Among the records below, find the line that has "流量高增长趋势,光通信产业受"; from there, give the lines again exactly, and stop after the line that has "Fable, a cloud".

** Opening THE INPUT block **

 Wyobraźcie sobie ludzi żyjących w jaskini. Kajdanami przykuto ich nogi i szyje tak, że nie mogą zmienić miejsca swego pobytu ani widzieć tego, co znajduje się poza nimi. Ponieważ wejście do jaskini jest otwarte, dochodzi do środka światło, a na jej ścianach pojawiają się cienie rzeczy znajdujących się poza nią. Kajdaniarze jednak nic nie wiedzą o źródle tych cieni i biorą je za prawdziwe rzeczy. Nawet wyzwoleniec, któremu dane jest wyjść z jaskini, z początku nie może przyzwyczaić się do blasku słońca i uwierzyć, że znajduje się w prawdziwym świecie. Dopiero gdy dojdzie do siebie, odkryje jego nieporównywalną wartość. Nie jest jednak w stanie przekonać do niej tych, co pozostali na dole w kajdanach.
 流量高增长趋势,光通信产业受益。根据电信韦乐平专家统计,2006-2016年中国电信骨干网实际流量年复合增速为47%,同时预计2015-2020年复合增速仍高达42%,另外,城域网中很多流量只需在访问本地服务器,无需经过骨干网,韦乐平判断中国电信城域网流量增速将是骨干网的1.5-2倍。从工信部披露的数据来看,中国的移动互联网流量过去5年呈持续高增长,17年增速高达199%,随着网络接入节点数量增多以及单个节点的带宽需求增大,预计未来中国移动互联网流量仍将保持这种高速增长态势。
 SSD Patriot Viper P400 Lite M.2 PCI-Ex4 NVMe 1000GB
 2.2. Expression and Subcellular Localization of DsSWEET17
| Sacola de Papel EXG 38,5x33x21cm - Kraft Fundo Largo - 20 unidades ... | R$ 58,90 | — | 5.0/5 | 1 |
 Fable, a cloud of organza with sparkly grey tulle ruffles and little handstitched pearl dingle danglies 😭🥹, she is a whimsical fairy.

** Closing THE INPUT block **
** Opening THE INPUT block **

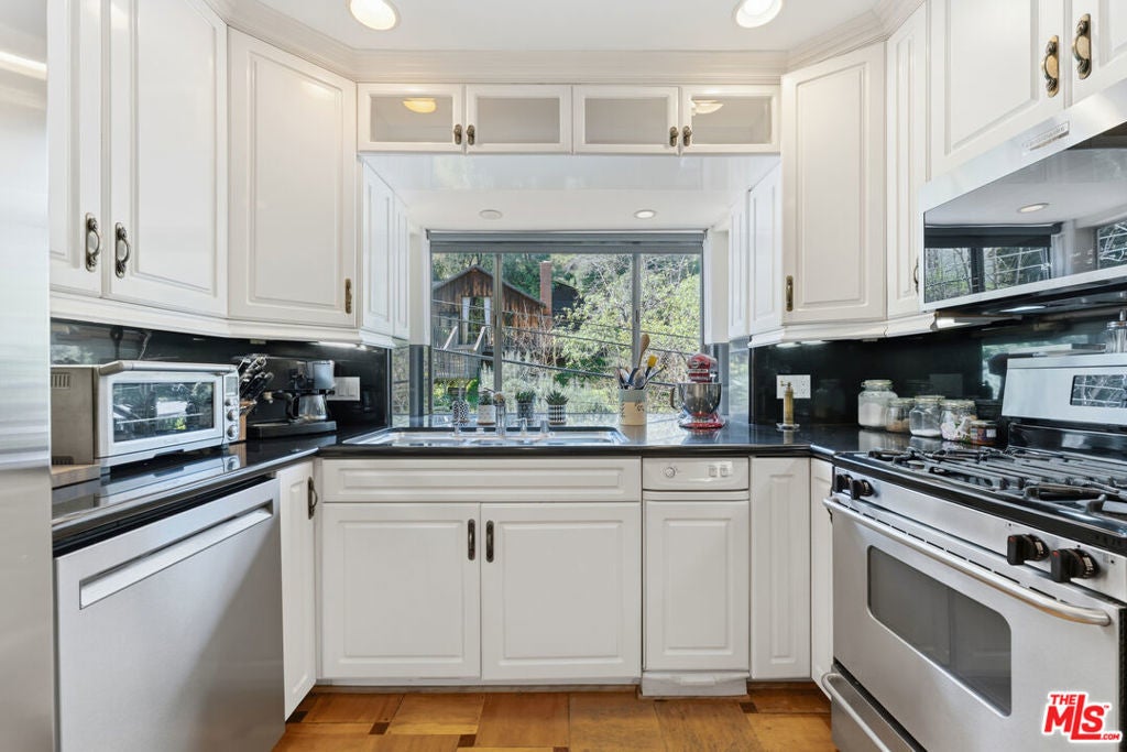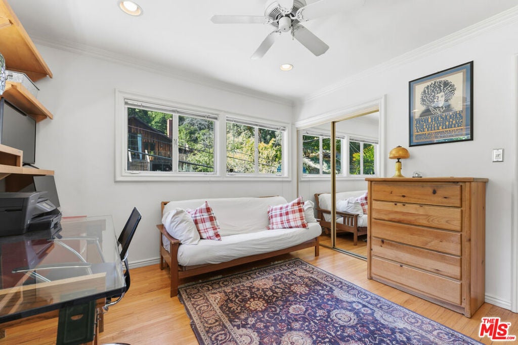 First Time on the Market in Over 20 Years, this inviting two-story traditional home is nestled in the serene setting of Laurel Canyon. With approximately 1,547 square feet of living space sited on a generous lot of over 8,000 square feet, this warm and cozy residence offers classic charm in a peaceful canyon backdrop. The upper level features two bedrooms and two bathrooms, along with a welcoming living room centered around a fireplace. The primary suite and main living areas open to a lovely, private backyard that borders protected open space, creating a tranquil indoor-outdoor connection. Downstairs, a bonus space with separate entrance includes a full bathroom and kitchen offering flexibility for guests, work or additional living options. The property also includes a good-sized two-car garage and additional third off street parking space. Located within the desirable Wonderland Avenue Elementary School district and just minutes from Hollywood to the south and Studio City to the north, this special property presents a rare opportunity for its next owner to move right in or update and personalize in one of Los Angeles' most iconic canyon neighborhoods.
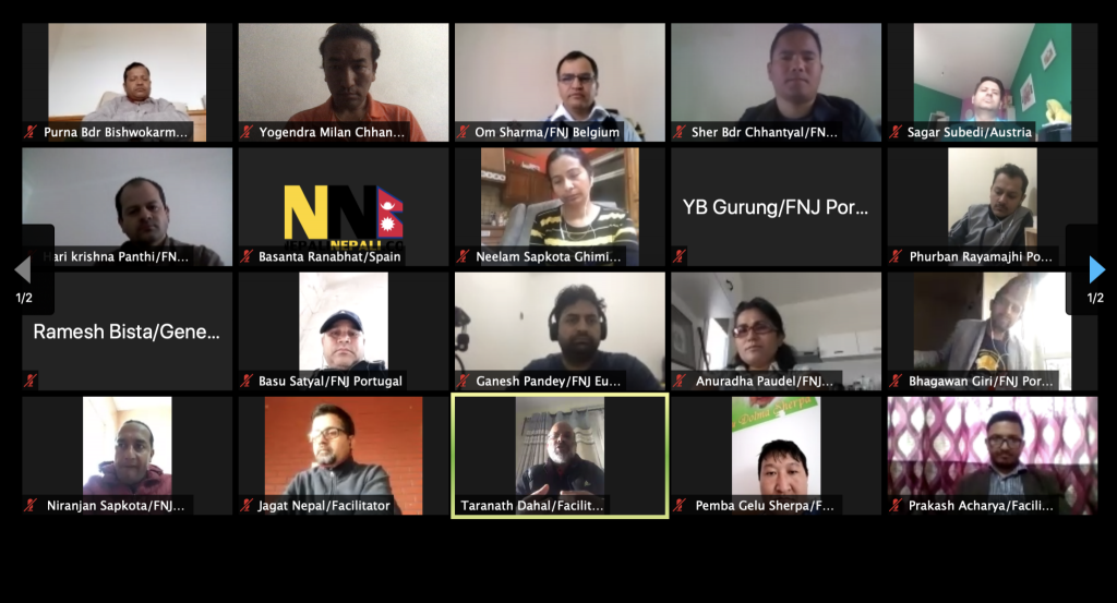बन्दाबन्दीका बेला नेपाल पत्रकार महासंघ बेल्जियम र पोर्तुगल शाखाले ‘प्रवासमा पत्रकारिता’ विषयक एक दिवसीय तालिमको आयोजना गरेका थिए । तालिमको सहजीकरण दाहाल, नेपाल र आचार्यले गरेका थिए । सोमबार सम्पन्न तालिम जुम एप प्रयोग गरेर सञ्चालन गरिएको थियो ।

** Closing THE INPUT block **

**YOUR SOLUTION**
 流量高增长趋势,光通信产业受益。根据电信韦乐平专家统计,2006-2016年中国电信骨干网实际流量年复合增速为47%,同时预计2015-2020年复合增速仍高达42%,另外,城域网中很多流量只需在访问本地服务器,无需经过骨干网,韦乐平判断中国电信城域网流量增速将是骨干网的1.5-2倍。从工信部披露的数据来看,中国的移动互联网流量过去5年呈持续高增长,17年增速高达199%,随着网络接入节点数量增多以及单个节点的带宽需求增大,预计未来中国移动互联网流量仍将保持这种高速增长态势。
 SSD Patriot Viper P400 Lite M.2 PCI-Ex4 NVMe 1000GB
 2.2. Expression and Subcellular Localization of DsSWEET17
| Sacola de Papel EXG 38,5x33x21cm - Kraft Fundo Largo - 20 unidades ... | R$ 58,90 | — | 5.0/5 | 1 |
 Fable, a cloud of organza with sparkly grey tulle ruffles and little handstitched pearl dingle danglies 😭🥹, she is a whimsical fairy.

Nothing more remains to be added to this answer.